Hello again Biostars community!
I am working on a project for my internship regarding the efficacy of different clustering techniques on RNA-seq data. I have used many different common clustering techniques in R and compared their results and the clusters they produce. Now, I have gotten to a point in the project where I want to analyze and explicitly show how my clustering is performing compared to "random" clustering. (Where I redistribute the "cluster" label across different groups of genes.)
To this point, I have identified k-means clustering as the most helpful for my dataset and identified some positive control groups that I know are biologically meaningful and should cluster together. For these positive controls, I have calculated a p-value and this is where my "random" groups come in!
For each of my clusters, I want to redistribute my genes as randomly as possible (within the limits of reproducibility) and examine how my p-values change for the positive control groups. Ideally I would like to see the p-values for my clusters showing much higher significance than the random clusters, but who knows? (I mean... I'm pretty sure I know, but that's why I'm doing this!)
I would like each new random cluster to contain the same number of genes as the clusters that I have already generated. (e.g.
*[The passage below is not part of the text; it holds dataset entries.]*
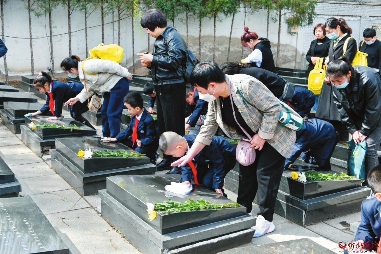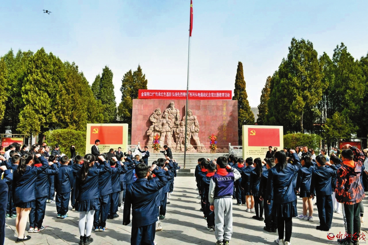 在西河頭地道戰(zhàn)紀(jì)念館英雄紀(jì)念碑前,大家聆聽(tīng)革命先烈故事,向烈士紀(jì)念碑敬獻(xiàn)花圈,寄托對(duì)革命先烈的無(wú)限哀思和敬仰之情。 本報(bào)通訊員攝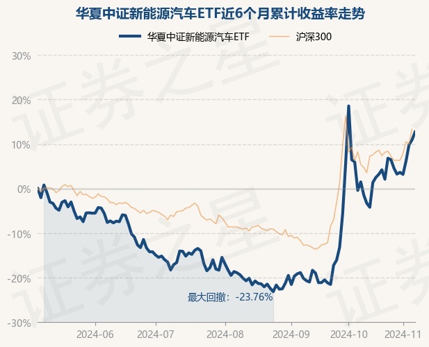 证券之星消息,11月7日,华夏中证新能源汽车ETF最新单位净值为1.301元,累计净值为1.301元,较前一交易日上涨1.59%。历史数据显示该基金近1个月上涨6.61%,近3个月上涨39.0%,近6个月上涨12.72%,近1年上涨0.7%。该基金近6个月的累计收益率走势如下图: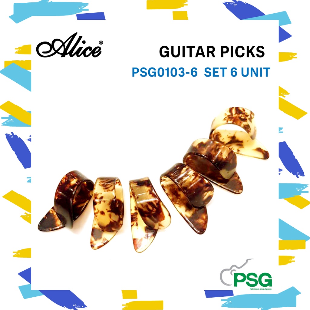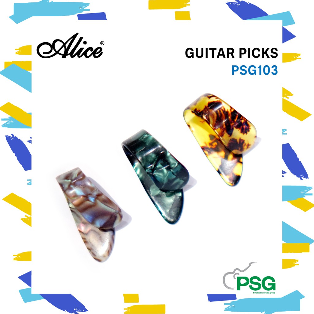 ALICE : PSG103-4 FINGER PICK GUITAR PICKS ปิ๊กนิ้วโป้ง ลายกระ (หลากสี) คละสี 3-4 ตัว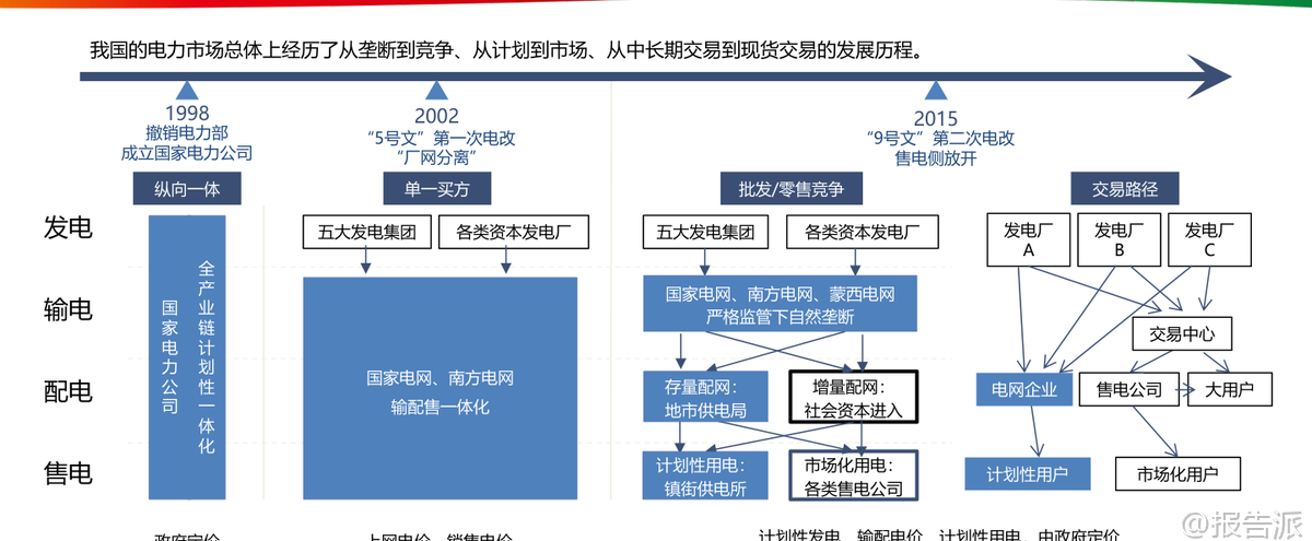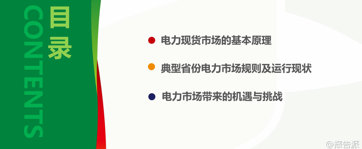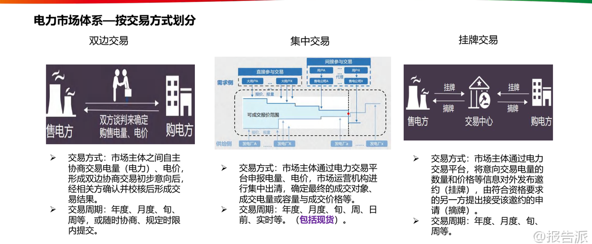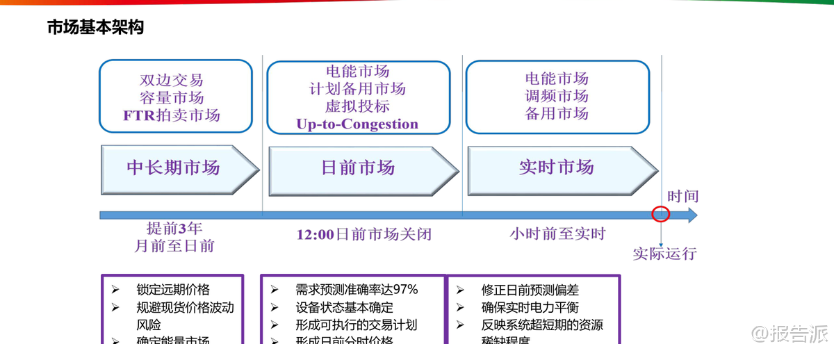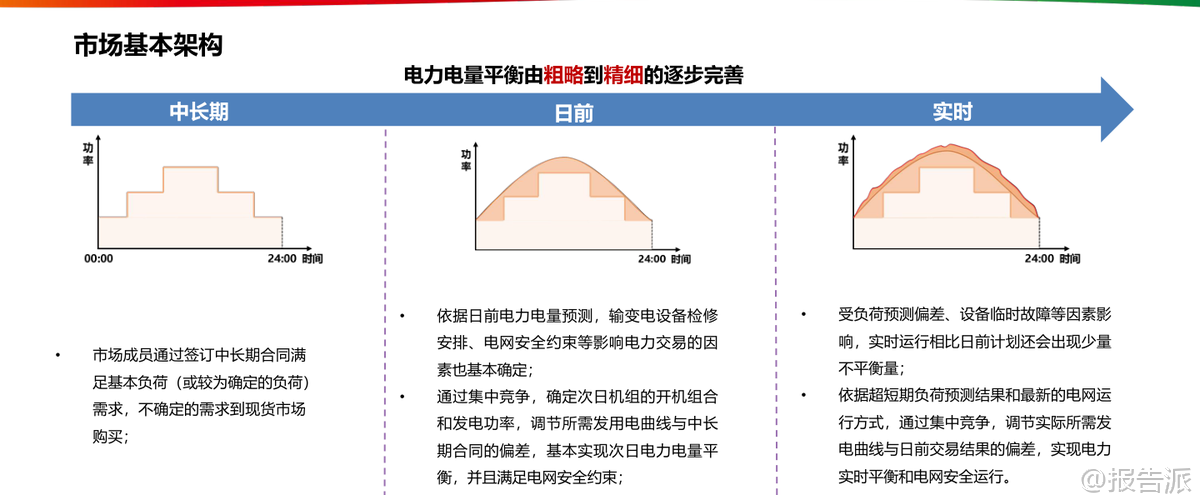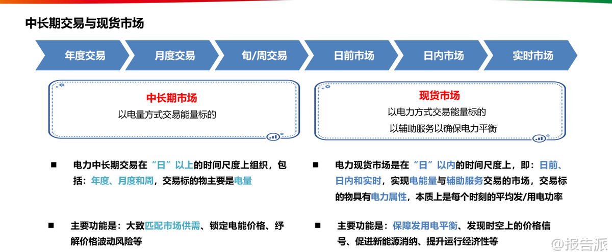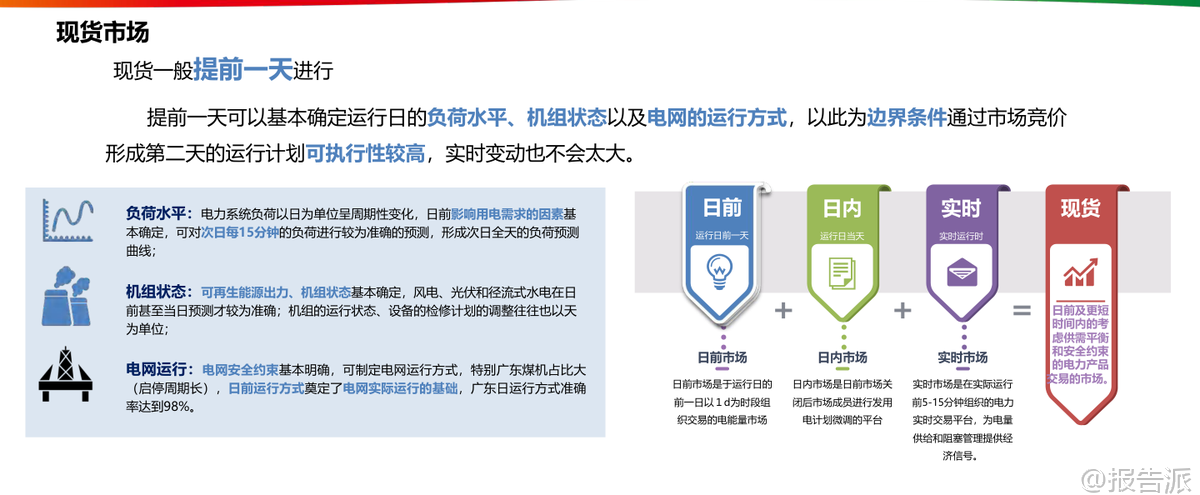 | 电力现货市场作为我国电力体制改革的核心环节,正在深刻重塑能源行业的运行逻辑与商业模式。 这份由国家电投发布的《电力现货市场的基本原理及其带来的挑战》报告系统梳理了当前中国电力市场的发展脉络、核心机制与未来趋势,为理解新型电力系统的构建路径提供了权威视角。 我国电力市场经历了从垄断到竞争、从计划到市场的重大转型。 1998年撤销电力部成立国家电力公司,2002年“厂网分离”启动第一次电改,2015年“9号文”推动售电侧放开,标志着电力市场化改革进入深水区。 当前市场结构已形成发电、输电、配电、售电四环节分离的格局,市场主体包括五大发电集团、各类社会资本电厂以及国家电网、南方电网等输配企业。 在这一背景下,电力现货市场应运而生,成为发现电力商品时空价值的关键机制。 电力现货市场本质上是在“日”以内时间尺度上组织的电能量与辅助服务交易,主要包括日前、日内和实时三个层级。 其中,日前市场提前一天运行,基于较为准确的负荷预测、机组状态和电网安全约束,通过集中竞价形成次日96点(每15分钟一个时段)的机组开机组合与发电曲线;实时市场则在实际运行前5-15分钟滚动出清,修正偏差并确保电力实时平衡。 这种“中长期+现货”的双轨制架构中,中长期合同主要用于锁定价格、规避风险,而现货市场负责实现全电量集中优化调度,二者通过差价合约机制衔接——当现货价格高于合约价时卖方向买方支付差额,反之亦然。 报告特别强调节点边际电价(LMP)机制的重要性。 LMP由系统能量价格、输电阻塞成本和网络损耗成本构成,能够精准反映电力在不同时间和空间上的稀缺程度。 广东、山西、山东等集中式市场均已采用或试点该机制,用户侧结算则多采用全省加权平均价以降低波动性。 这种价格信号不仅引导短期用电行为,更在长期内为电网投资与电源布局提供经济激励。 典型省份的实践展现了多元化的市场探索。 广东构建了“中长期差价为主+现货偏差结算为补充”的全电量竞争模式,2023年全社会用电量达8502亿千瓦时,供需比平均1.79,市场结构属低集中寡占型。 山西明确虚拟电厂可作为独立主体参与交易,要求调节能力不低于10兆瓦。 山东则大力推动新型储能入市,现有27家独立储能设施全部参与市场,收益来源涵盖新能源租赁、现货套利与容量补偿。 四川因水电主导实行丰枯双期市场,蒙西更是国内首个取消日前市场、直接采用“预出清+实时”模式的地区,并首次将居民、农业和外送电全面纳入现货结算。 新能源大规模接入正带来结构性变革。 预计2024年我国新能源装机将达13.7亿千瓦,占总装机41.3%,发电量贡献率超53%。 但其波动性也导致系统调节需求激增,2023年上半年辅助服务费用达278亿元,占上网电费1.9%,其中调峰补偿占比高达60%。 火电机组虽发电比例下降,却转型为主要调节资源,获得91.4%的辅助服务补偿。 与此同时,高比例新能源压低边际电价的趋势显现,山东曾出现连续22小时负电价,加州与德国也频现负价时段。 面对新挑战,报告提出六大应对思路:一是研究绿电交易政策,把握市场化消纳机遇;二是挖掘省间通道潜力,拓展跨区交易空间;三是提升负荷与新能源出力预测精度,降低申报偏差风险;四是发展虚拟电厂运营策略,聚合分布式资源参与市场;五是优化“光伏+储能+负荷”一体化运行模式,提升自平衡能力;六是构建AI驱动的自动交易决策系统,实现多时间尺度的智能申报与风险控制。 总体来看,电力现货市场不仅是价格形成的场所,更是推动能源清洁低碳转型的关键制度设计。 它倒逼传统电源向灵活性调节转变,激发新型储能与需求响应等新业态发展,并促使分布式光伏通过聚合商形式融入主网体系。 随着市场机制持续完善,电力将真正作为一种具有时空属性的商品,在全国统一电力市场体系下实现高效配置,为碳达峰、碳中和目标提供坚实支撑。 本文由【报告派】研读,输出观点仅作为行业分析! 原文标题:2026-03-09-国家电投-电力行业:电力现货市场的基本原理及其带来的挑战 发布时间:2022年 出品方:国家电投 文档页数:48页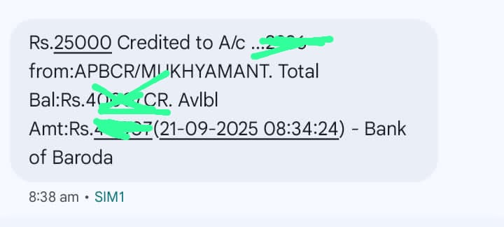 राशि ट्रांसफर: सटीक आंकड़ा नहीं बताया गया, परन्तु भुगतान हुआ है।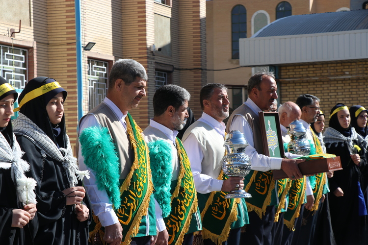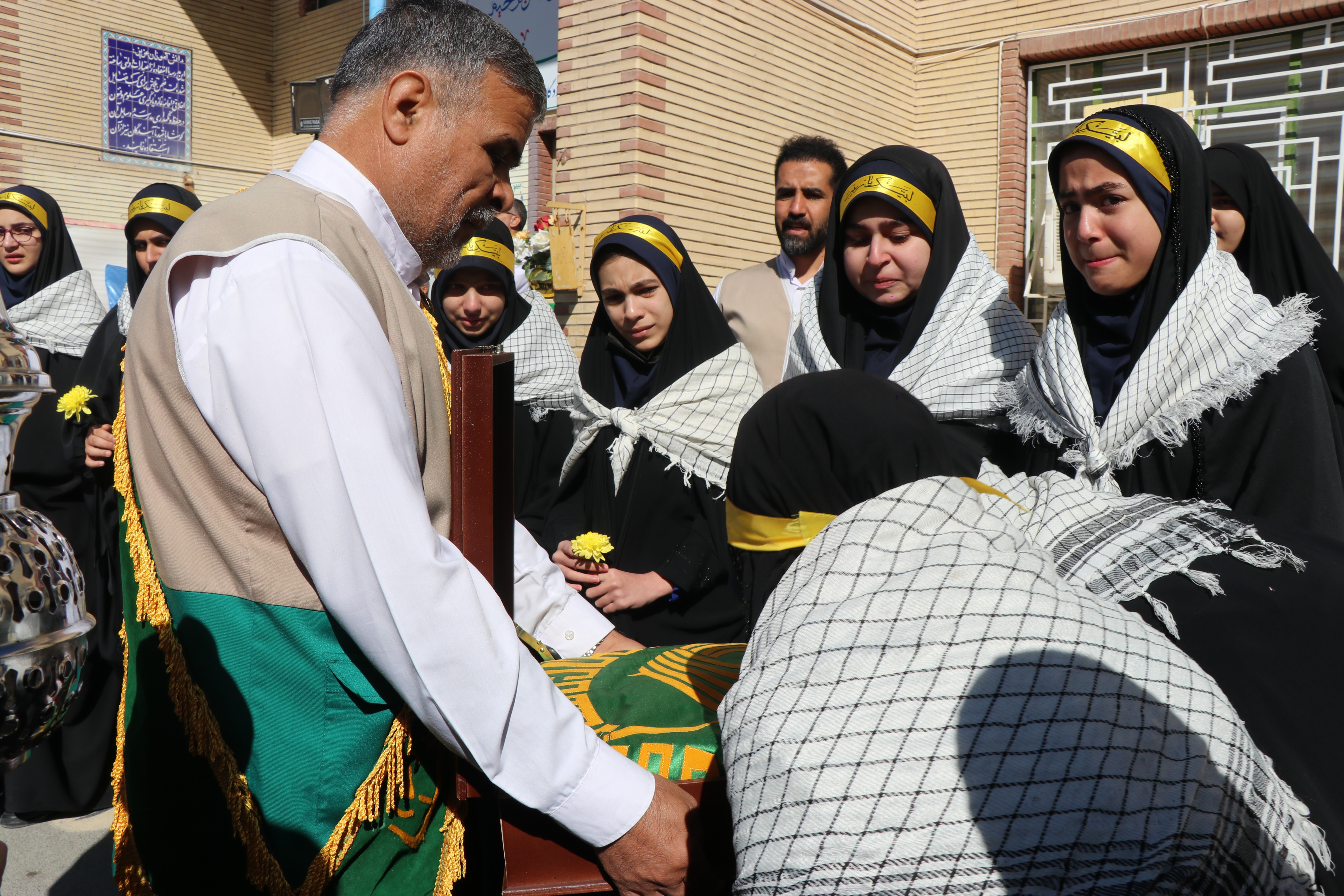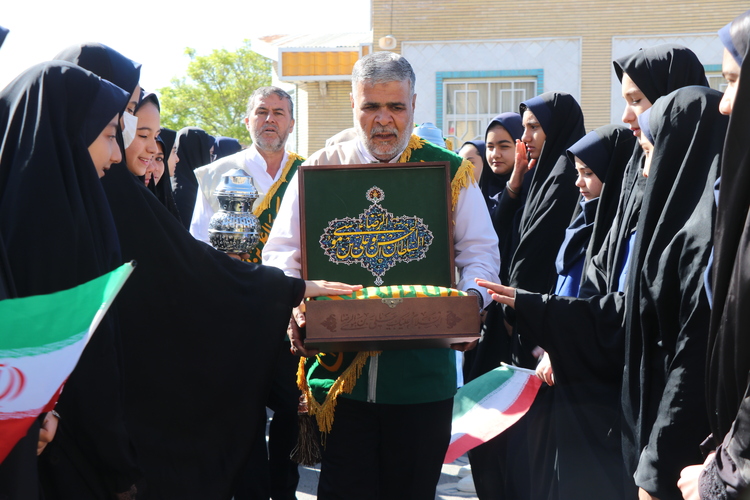 دختران دانش آموز اراکی در زنگ مهر رضوی به استقبال پرچم متبرک امام رضا (ع) رفتند/ گزارش تصویری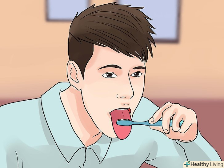 Чистіть язик зубною щіткою. найбільш поширений і легкий спосіб очистити мову полягає в тому, щоб використовувати для цього зубну щітку. Потріть мову від основи до кінчика-таким чином ви видалите наліт, уникнете зростання шкідливих бактерій і уникнете неприємного запаху з рота.[9]- При цьому не натискайте на щітку занадто сильно.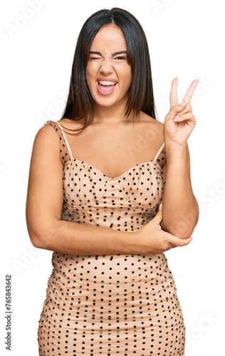 Young beautiful hispanic girl wearing sexy party dress smiling with happy face winking at the camera doing victory sign. number two.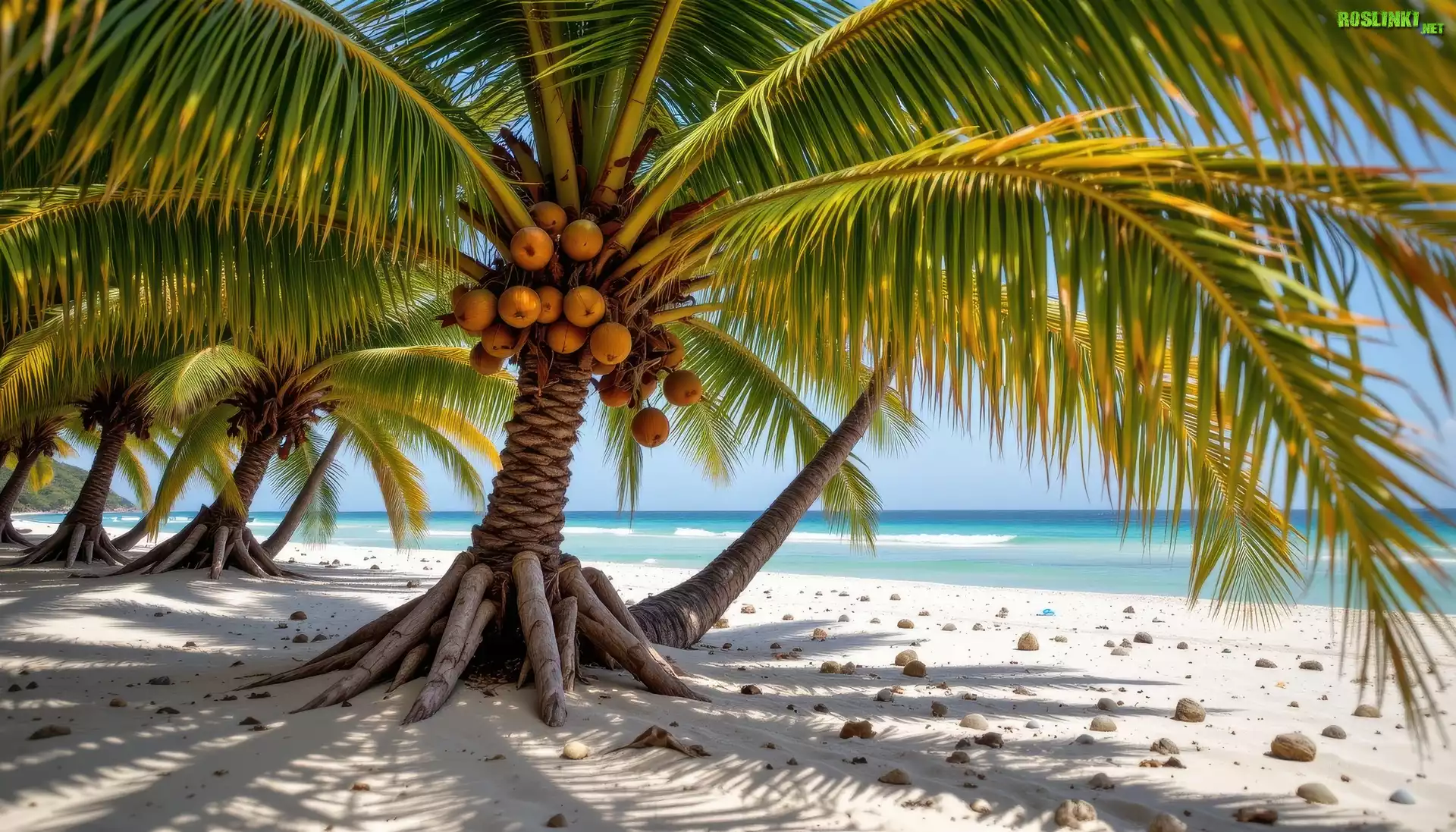 Rośliny: Palma, Kokosowa, Morze, Plaża, Kokosy, AI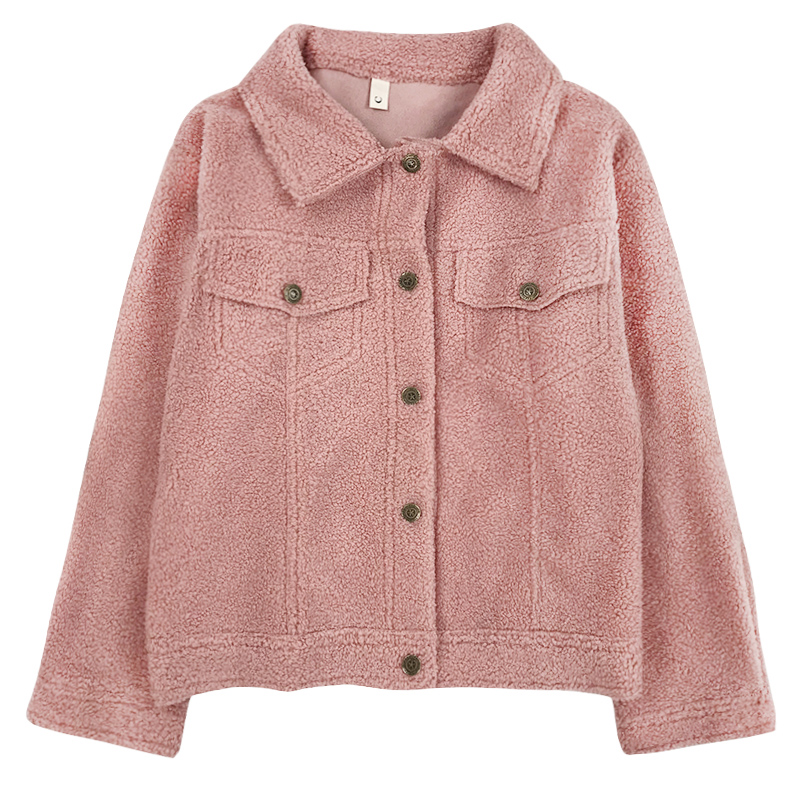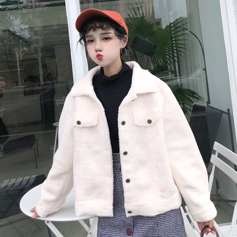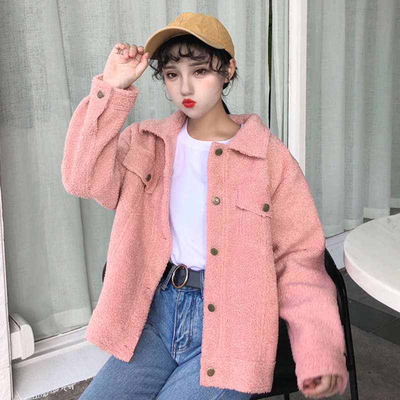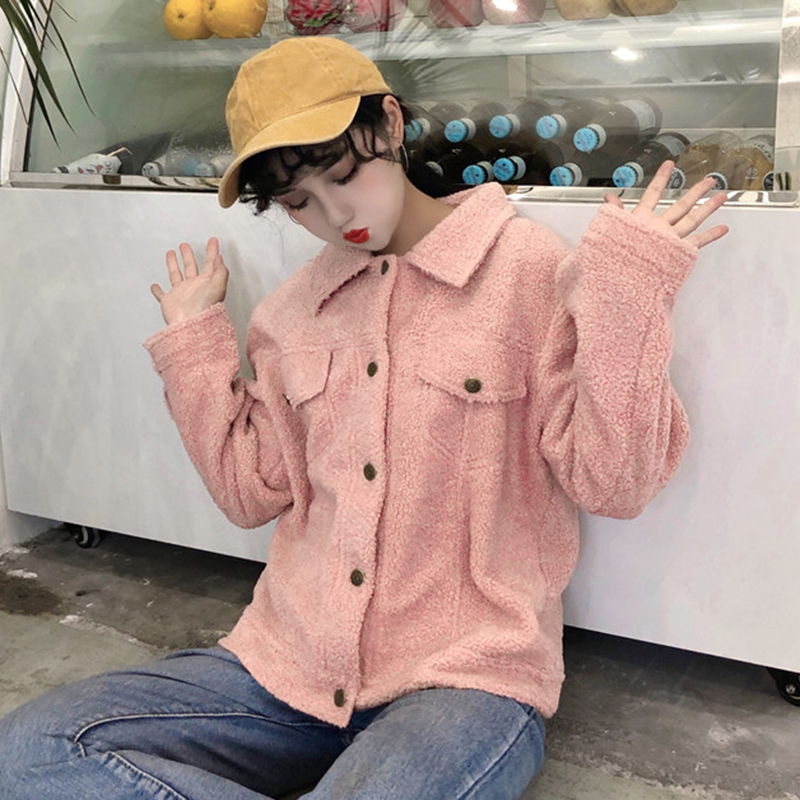 / 復古翻領毛絨短外套秋冬女裝新款單排扣時尚開衫學生寬松長袖上衣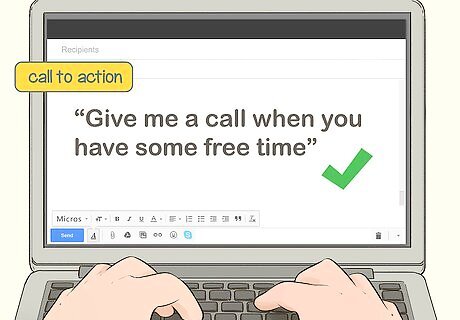 Provide a call to action. Ask the recipient to write you back, call, think about your proposal, or anything else to get them engaged. Asking a question is another great way to increase engagement. "Give me a call when you have some free time" "Let's meet for lunch sometime soon" "What are your thoughts on...?" "I look forward to your response"

Cluster_1 had 60 genes, so Random_Cluster_1 should also have 60 genes etc.). Of course, I also need to make sure any one gene is only assigned to a single cluster.
Would anyone be able to recommend a robust method of "randomly" reassigning my genes to new clusters so that I can check my clustering performance?
Any feedback would be appreciated as I don't have much experience in this area (pretty new to bioinformatics!)
Thank you!
You might do a bootstrap test, sampling a subset of genes (control and treatment) and clustering them to see how error changes for given k. http://www.win-vector.com/blog/2016/02/finding-the-k-in-k-means-by-parametric-bootstrap/
I see, that's interesting. Earlier in my project I created an "elbow-graph" from the WSS values to attempt to gain some insight on the number of clusters I should use. It was not as helpful as I was hoping for, but I only tried it on my data, not with any "synthetic" data to compare it to. I haven't done anything like that before, but it does look very helpful. Thank you!